Jika menilik lebih dalam terkait kaset dan aktivitas mengoleksi, kaset menjadi media yang dapat mengakomodasi kepemilikan dari seorang individu terhadap lagu –barisan lirik dan untaian suara dari penyanyi. Namun hal ini tidak dapat diartikan secara gegabah sebagai transaksi ekonomi yang mencari keuntungan semata, namun merujuk pada konsep komoditas milik Arjun Appadurai (1986), komoditas yang didasarkan pada nilai kontekstual, dan terdapat nilai dalam sebuah pertukaran. Alhasil, setidaknya terdapat dua poin penting yang dapat kita anggap sebagai ejawantah dari relasi individu dan kaset. Pertama, harga kaset yang relatif terjangkau membuat sebuah kaset dapat diakses secara masif. Dengan persebaran yang dilakukan, kaset menjadi media penyebaran yang paling cemerlang di saat itu. Penyebaran yang cukup luas, dengan kepemilikan akan pendengaran yang cukup baik untuk masyarakat. Dalam hal ini kaset telah membuat pendengar terpuaskan karena kebutuhan auditif, dan membuat bertambahnya penggemar untuk seorang penyanyi. Kedua, aktivitas mendengarkan melalui media kaset menjadi aktivitas rutin masyarakat,[4] mendengarkan musik menjadi bagian dari aktivitas keseharian masyarakat. Ketiga, sebenarnya, tanpa kaset masyarakat pun dapat mendengarkan musik, baik lewat radio, atau televisi. Namun apalah arti musik jika ia tidak dapat dimiliki secara personal dan emosional.
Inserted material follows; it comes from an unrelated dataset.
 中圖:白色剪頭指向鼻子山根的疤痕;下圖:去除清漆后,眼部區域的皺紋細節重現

Dari ketiga hal ini menandakan bahwa peran kaset sangat signifikan, tidak lagi pada praktek kebendaan semata, namun lebih pada kepemilikian. Kepemilikan tidak dapat diartikan hanya sebagai aktivitas memiliki, tetapi mempunyai kuasa yang lebih dalam terhadap lagu tersebut. Kuasa tersebut menghadirkan ruang nilai personal dan emosional bagi si pendengar. Dalam hal ini kaset dengan media pemutarnya, walkman, telah menjadi media yang dapat mengakomodasi segala perasaan pendengar atas dirinya sendiri. Ruang baru bagi individu, yakni ruang privat dalam jagad publik ini, atau semacam ruang kontemplatif.
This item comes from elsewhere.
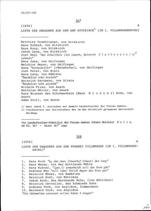 Dragoner aus dem Amt Hitzkirch im Ersten Villmergerkrieg

Memaknai Kembali Kehadiran Kaset Kini
Sebenarnya kita menyadari bahwa keberadaan piringan hitam hingga aplikasi music streaming yang baru-baru ini keluar, merupakan upaya teknologi untuk membuat aktivitas mendengar menjadi lebih mudah. Dalih simpel dan praktis menjadi tawaran yang cukup menggiurkan untuk khalayak dalam memilikinya. Hal ini selalu dan melulu, terulang setiap waktu, dan kita –masyarakat konsumtif– kerapkali menjadi parameter keberhasilan dari media baru tersebut. Sebenarnya hal tersebut tidak salah ketika mempunyai tujuan kemajuan yang baik, namun jika perubahan tersebut dilakukan hanya untuk motif ekonomi, hal tersebutlah yang perlu dicermati secara mendalam. Belum lagi, dengan adanya pengaturan selera musik yang dilakukan oleh beberapa major label untuk para pendengar. Sehingga para pemusik dengan genre di luar dari penyanyi yang sedang tenar akan diindahkan. Implikasinya adalah setiap pemusik ‘harus’ menciptakan musik sesuai dengan selera major lebel, tidak berdasarkan selera mereka.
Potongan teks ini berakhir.